No mesmo sentido, a lição de Caio Mario da Silva Pereira (Instituições de Direito Civil, revista e atualizada por Tânia da Silva Pereira, Forense, 21ª edição, 2012, Volume V, p. 411) Maria Helena Diniz (Curso de Direito Civil Brasileiro, Saraiva, 30ª edição, 2015, Volume 5, p. 545) e Gustavo Tepedino, Heloisa Helena Barboza e Maria Cecília Bodin de Moraes (Código Civil Interpretado, Renovar, 2014, Volume IV, p. 221-22)
O Supremo Tribunal Federal, em acórdão relatado por meu saudoso avô Luiz Gallotti, reconheceu a legitimidade da viúva do alegado pai para contestar ação de investigação de paternidade em hipótese em que não havia petição de herança.

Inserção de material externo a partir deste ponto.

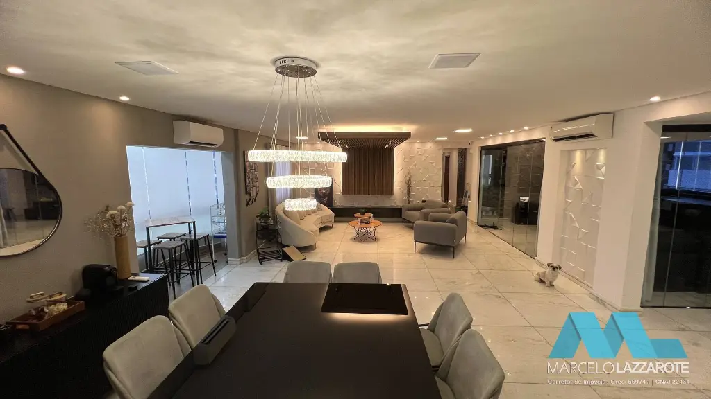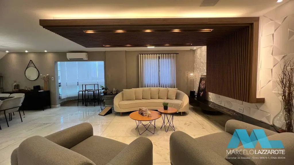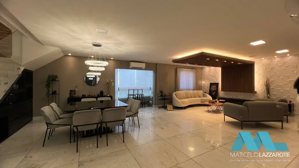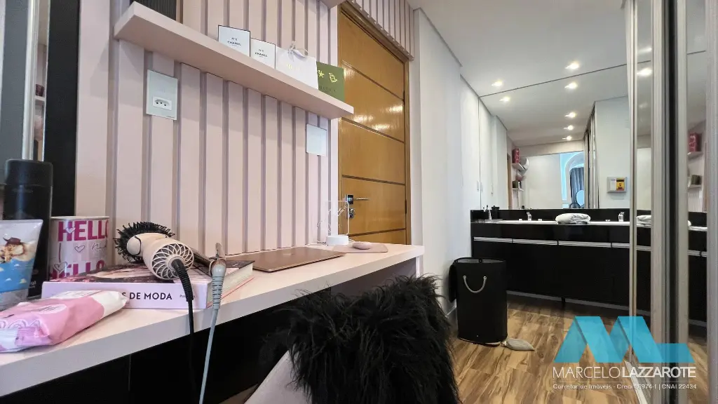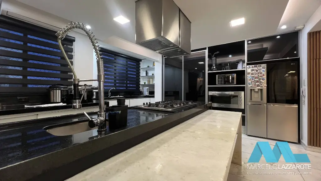 closet, sauna e hidro), sala ampla para 3 ambientes, cozinha com armários planejados, sacada ampla gourmet com churrasqueira, 5 banheiros, área de serviço e 3 vagas de garagem garantindo segurança para seu veículo. (Piscina privativa e espaço de jogos)
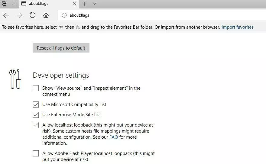 Microsoft Edge unterstützt im Rahmen des Creators Update 1703 die TCP-Erweiterung TCP Fast Open (TFO), die den Austausch von Daten über TCP beschleunigt (indem die ersten beiden Schritte des Drei-Wege-Handshakes kombiniert werden). Da das Performance-Feature jedoch auch verantwortlich für den „INET_E_RESOURCE_NOT_FOUND“-Fehler sein kann, sollten Sie es – zumindest testweise – deaktivieren, sobald Sie diese Fehlermeldung erhalten. Hierfür rufen Sie die versteckten Einstellungen des Microsoft-Browsers auf, indem Sie folgende Adresse in die Browserzeile eingeben:

Eis a ementa do precedente:
"Ação de investigação de paternidade contra a viúva do alegado pai, com expressa declaração de que não trazia objetivo patrimonial; é apenas de reconhecimento de filiação, e não de petição de herança.
Não há como negar o interesse moral da viúva em contestar tal ação. ( RE 21.182, julgado em 29.4.1954)
Penso, portanto, que o interesse puramente moral da viúva do suposto pai, tendo em conta os vínculos familiares, e a defesa do casal que formou com o falecido, compreende-se no conceito de"justo interesse"para contestar a ação de investigação de paternidade, nos termos do art. 365 do Código de 1916 e art. 1.615 do Código em vigor.
Não sendo herdeira, deve ela, todavia, receber o processo no estado em que se encontrava quando requereu o ingresso no feito, uma vez que não ostenta, ao meu sentir, a condição de litisconsorte passiva necessária.
Em face do exposto, dou provimento ao recurso especial para reconhecer o direito da recorrente de contestar a ação de investigação de paternidade, sem prejuízo da validade de todos os atos processuais anteriores ao seu pedido de ingresso na relação processual.
É como voto.

CERTIDÃO DE JULGAMENTO
QUARTA TURMA
Número Registro: 2014⁄0165621-2
PROCESSO ELETRÔNICO
REsp 1.466.423 ⁄ GO
Números Origem: XXXXX 41631328 XXXXX20128090000 5119189
PAUTA: 23⁄02⁄2016 JULGADO: 23⁄02⁄2016
SEGREDO DE JUSTIÇA
Relatora
Exma. Sra. Ministra MARIA ISABEL GALLOTTI
Presidente da Sessão
Exma. Sra. Ministra MARIA ISABEL GALLOTTI
Subprocurador-Geral da República
Exmo. Sr. Dr. FRANKLIN RODRIGUES DA COSTA
Secretária
Bela. TERESA HELENA DA ROCHA BASEVI
AUTUAÇÃO
RECORRENTE : R E A DA S
ADVOGADOS : PAULO SÉRGIO HILÁRIO VAZ E OUTRO (S)
GERMANA POVOA CRUZ LOBO
LUCIANE BORGES COVELLO
VINICIUS MAYA FAIAD E OUTRO (S)
RECORRIDO : A Q A
ADVOGADOS : GETÚLIO VARGAS DE CASTRO
GETÚLIO VARGAS DE CASTRO JÚNIOR E OUTRO (S)
INTERES. : J A DA S
ADVOGADO : RENATO GIOVANINI FILHO
ADVOGADA : FERNANDA MACHADO HARDY DE MENEZES E OUTRO (S)
INTERES. : L Q A
ASSUNTO: DIREITO CIVIL - Família - Relações de Parentesco - Investigação de Paternidade
SUSTENTAÇÃO ORAL
Dr. ANDRÉ SOARES BRANQUINHO, pela parte RECORRENTE: R E A DA S
CERTIDÃO
Certifico que a egrégia QUARTA TURMA, ao apreciar o processo em epígrafe na sessão realizada nesta data, proferiu a seguinte decisão:
A Quarta Turma, por unanimidade, deu provimento ao recurso especial, nos termos do voto da Sra. Ministra Relatora.
Os Srs. Ministros Antonio Carlos Ferreira, Marco Buzzi e Raul Araújo votaram com a Sra. Ministra Relatora.
Ausente, justificadamente, o Sr. Ministro Luis Felipe Salomão.